Collisions & Hashing

  • Use SHA‑256 (or xxhash64 if you accept a tiny collision risk for speed).
  • If truncating, keep >= 64 bits unless you can tolerate rare false positives (dropping legit events occasionally).
  • If collisions are unacceptable, store (hash, short_fingerprint) or (hash, small payload digest).

Examples

Redis (idempotent webhooks)

# pseudo-steps
H = sha256(canonical_string)
# Only proceed if this returns OK (created new)
SET webhook:seen:{H} 1 EX 600 NX

Python (requests dedup)

import hashlib
import redis

r = redis.Redis()

def seen_recently(key: str, ttl: int = 600) -> bool:
h = hashlib.sha256(key.encode()).hexdigest()
# Returns True if duplicate, False if first-time
return not r.set(f"seen:{h}", "1", ex=ttl, nx=True)

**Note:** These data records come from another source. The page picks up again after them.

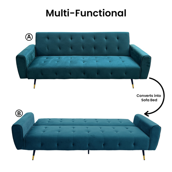 Ava Tufted Velvet Sofa Bed by Sarantino - Green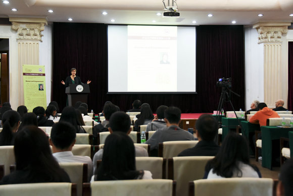 吴百纳大使在怀士堂向我校师生做了题为“女性与赋权”的主题演讲。作为英国首位女性驻华大使,她介绍了自己在英国外交部的奋斗史,分享了对女性赋权的思考,并在提问环节与现场师生进行了积极的交流互动。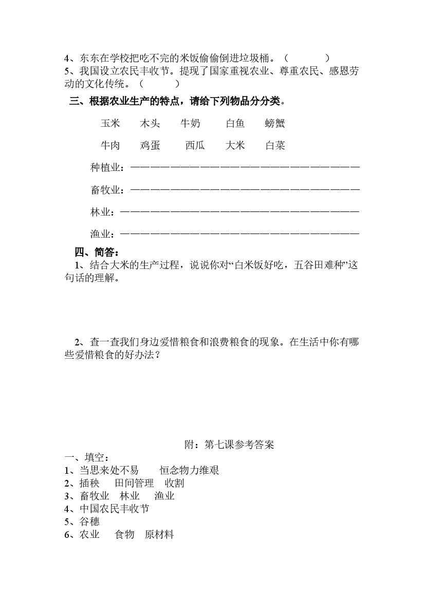 首页 > 全部 > 课时练习 > 人教部编版四年级下册《道德与法治》第7课我们的衣食之源课课练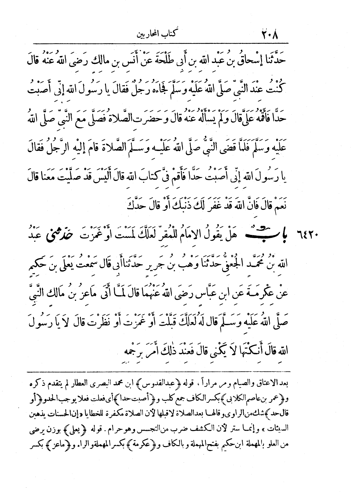 حَدَّثَنَا إِسْحَاقُ بْنُ عَبْدِ اللَّهِ بْنِ أَبِي طَلْحَةَ عَنْ أَنَسِ بْنِ مَالِكٍ رَضِيَ اللَّهُ عَنْهُ قَالَ كُنْتُ عِنْدَ النَّبِيِّ صَلَّى اللَّهُ عَلَيْهِ وَسَلَّمَ فَجَاءَهُ رَجُلٌ فَقَالَ يَا رَسُولَ اللَّهِ إِنِّي أَصَبْتُ حَدًّا فَأَقِمْهُ عَلَيَّ قَالَ وَلَمْ يَسْأَلْهُ عَنْهُ قَالَ وَحَضَرَتْ الصَّلَاةُ فَصَلَّى مَعَ النَّبِيِّ صَلَّى اللَّهُ عَلَيْهِ وَسَلَّمَ فَلَمَّا قَضَى النَّبِيُّ صَلَّى اللَّهُ عَلَيْهِ وَسَلَّمَ الصَّلَاةَ قَامَ إِلَيْهِ الرَّجُلُ فَقَالَ يَا رَسُولَ اللَّهِ إِنِّي أَصَبْتُ حَدًّا فَأَقِمْ فِيَّ كِتَابَ اللَّهِ قَالَ أَلَيْسَ قَدْ صَلَّيْتَ مَعَنَا قَالَ نَعَمْ قَالَ فَإِنَّ اللَّهَ قَدْ غَفَرَ لَكَ ذَنْبَكَ أَوْ قَالَ حَدَّكَ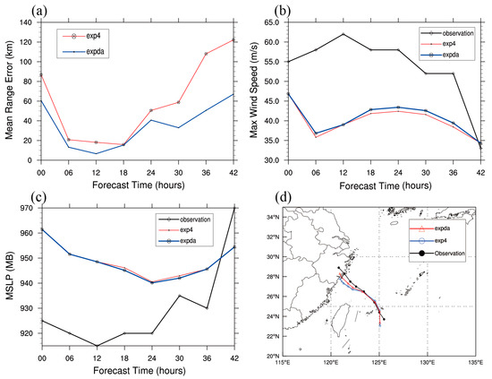 (a) mean range error (units: km), (b) max wind speed (units: m/s), (c) minimum sea level pressure (units: MB), and (d) the typhoon’s tracks for numerical experiments and observed track from 0600 UTC 8 August to 0000 UTC 10 August 2019.

# usage: key must be canonicalized upstream
if seen_recently(canonical_key):
return 200 # drop silently
process()

Go (jobs)

h := sha256.Sum256([]byte(canonicalKey))
k := "seen:" + hex.EncodeToString(h[:])
ok, _ := r.SetNX(ctx, k, 1, 10*time.Minute).Result()
if !ok {
// duplicate
return
}
// do work

Pattern Variants

  • Time-bucketed unique index: UNIQUE(hash, bucket) with bucket = floor(ts / TTL).
  • Bloom filter with TTL: lower memory, probabilistic false positives, good for massive streams.
  • Two-phase: cache‑gate first, then write durable idempotency record if the operation succeeds.

Compare to Other Approaches

  • HMAC + timestamp + nonce: proves authenticity + freshness (prevents replay), but you still need a nonce store; hash+TTL is about dedup regardless of auth. Use both when relevant.
  • Sequence numbers / monotonic ids: stronger guarantees, but requires per‑producer coordination and durable tracking.
  • Full object comparison: expensive; hash+TTL avoids payload reads/DB hits in the hot path.

Gotchas

  • Clock isn’t required (TTL is maintained by the cache), but ensure consistent canonicalization or you’ll miss duplicates.

  • Idempotency vs. de‑dup: this prevents reprocessing the same logical input within a window; it doesn’t guarantee that your side effects are idempotent. Make writes idempotent too.

  • Partial success: if you set the key before doing work and then fail, you may suppress a legitimate retry. Options:

    • Set the key after success (but then you may do work twice).
    • Set seen:{hash} with a short TTL, and on success, extend TTL or write a durable idempotency record.

TL;DR

Compute a stable hash for what “counts as the same,” stick it in a fast store with a TTL, and drop repeats. It’s boring. It works. It scales.